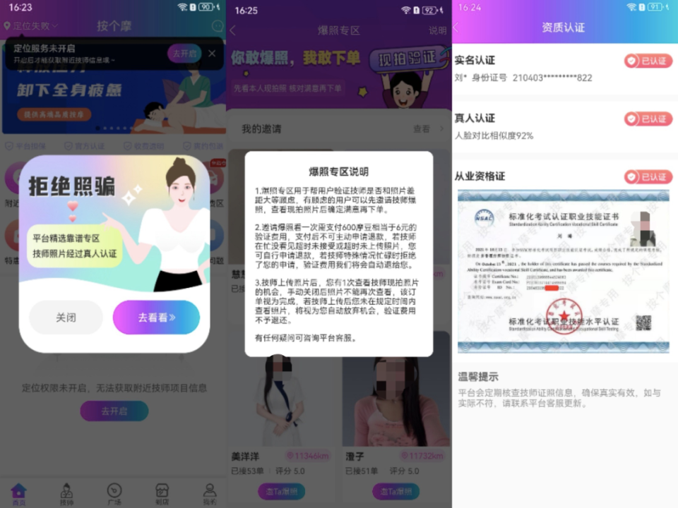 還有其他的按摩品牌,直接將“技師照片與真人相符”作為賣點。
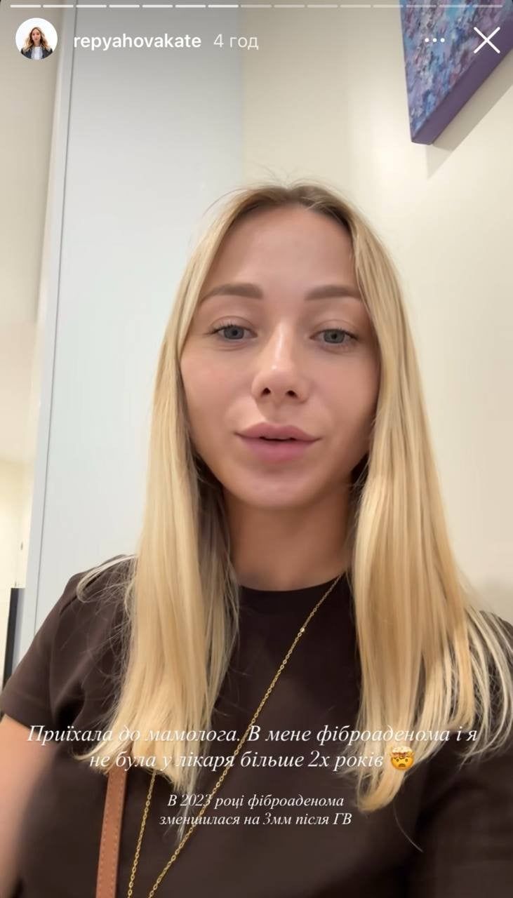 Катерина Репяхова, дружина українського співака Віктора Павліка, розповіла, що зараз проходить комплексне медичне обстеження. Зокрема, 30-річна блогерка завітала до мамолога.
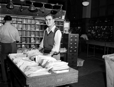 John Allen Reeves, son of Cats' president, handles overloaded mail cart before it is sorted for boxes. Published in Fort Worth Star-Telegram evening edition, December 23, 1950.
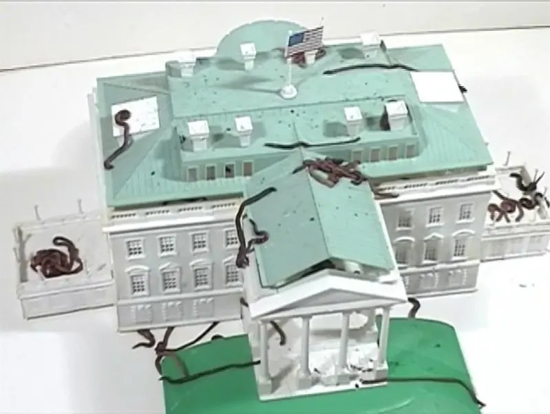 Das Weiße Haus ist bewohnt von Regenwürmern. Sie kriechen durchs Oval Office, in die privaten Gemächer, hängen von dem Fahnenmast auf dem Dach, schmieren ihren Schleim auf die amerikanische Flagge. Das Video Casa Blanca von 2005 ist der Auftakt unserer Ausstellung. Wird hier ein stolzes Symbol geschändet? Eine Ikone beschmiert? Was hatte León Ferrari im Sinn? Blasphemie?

## Exercise description:
Set down all of the material word for word, minus its pictures.

## Written response:
 還有其他的按摩品牌,直接將“技師照片與真人相符”作為賣點。
 Катерина Репяхова, дружина українського співака Віктора Павліка, розповіла, що зараз проходить комплексне медичне обстеження. Зокрема, 30-річна блогерка завітала до мамолога.
 John Allen Reeves, son of Cats' president, handles overloaded mail cart before it is sorted for boxes. Published in Fort Worth Star-Telegram evening edition, December 23, 1950.
 Das Weiße Haus ist bewohnt von Regenwürmern. Sie kriechen durchs Oval Office, in die privaten Gemächer, hängen von dem Fahnenmast auf dem Dach, schmieren ihren Schleim auf die amerikanische Flagge. Das Video Casa Blanca von 2005 ist der Auftakt unserer Ausstellung. Wird hier ein stolzes Symbol geschändet? Eine Ikone beschmiert? Was hatte León Ferrari im Sinn? Blasphemie?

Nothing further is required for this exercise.